WHAT YOU WILL DO: Copy the data exactly; pictures stay out of the copy.

--- GIVEN INFORMATION ---

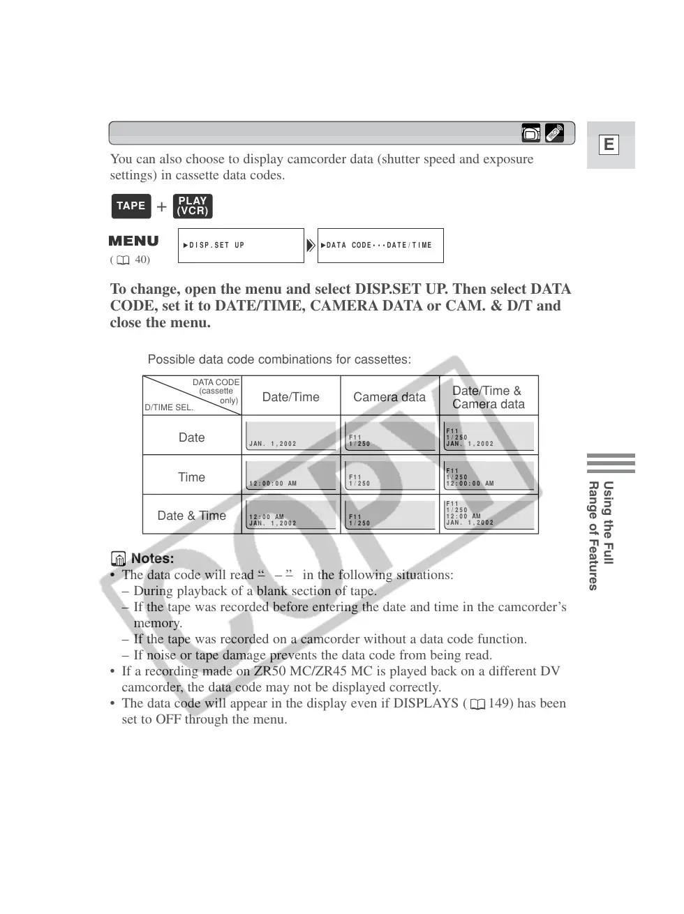 camcorder, the data code may not be displayed correctly.
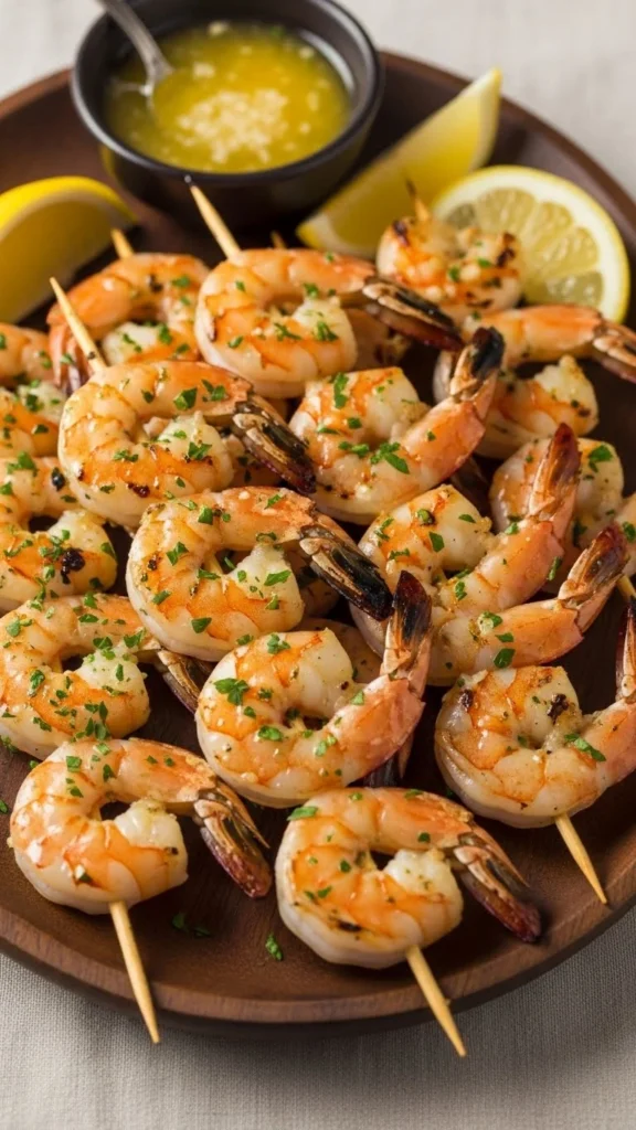 Marinate shrimp with garlic and butter, grill or bake. Budget-friendly: frozen shrimp is affordable. Serve as an appetizer or main. These skewers are quick, flavorful, and festive.
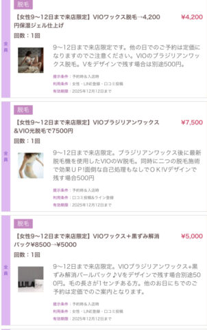 しかも今週ならお得にVIO脱毛や脚の脱毛!
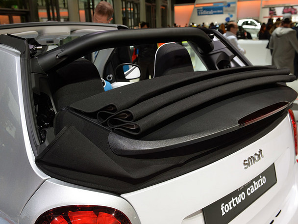 全新smart fortwo敞篷版的长宽高分别为2690/1660/1550mm。车顶结构方面,全新smart fortwo敞篷版车顶采用了帆布材质的可伸缩软篷,只需12秒即可打开。此外,软顶结构面积为1.8平方米,比老款更大,材质采用了高耐光聚丙烯织物,聚酯/棉进行混合,中间辅以橡胶层,总厚度为20mm。
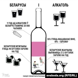 Паводле ацэнак Усясьветнай арганізацыі аховы здароўя, штогод у Беларусі ад алькаголю памірае каля 20 тысячаў чалавек, або каля 50 чалавек на дзень.

---

EXERCISE RESULT:
 camcorder, the data code may not be displayed correctly.
 Marinate shrimp with garlic and butter, grill or bake. Budget-friendly: frozen shrimp is affordable. Serve as an appetizer or main. These skewers are quick, flavorful, and festive.
 しかも今週ならお得にVIO脱毛や脚の脱毛!
 全新smart fortwo敞篷版的长宽高分别为2690/1660/1550mm。车顶结构方面,全新smart fortwo敞篷版车顶采用了帆布材质的可伸缩软篷,只需12秒即可打开。此外,软顶结构面积为1.8平方米,比老款更大,材质采用了高耐光聚丙烯织物,聚酯/棉进行混合,中间辅以橡胶层,总厚度为20mm。
 Паводле ацэнак Усясьветнай арганізацыі аховы здароўя, штогод у Беларусі ад алькаголю памірае каля 20 тысячаў чалавек, або каля 50 чалавек на дзень.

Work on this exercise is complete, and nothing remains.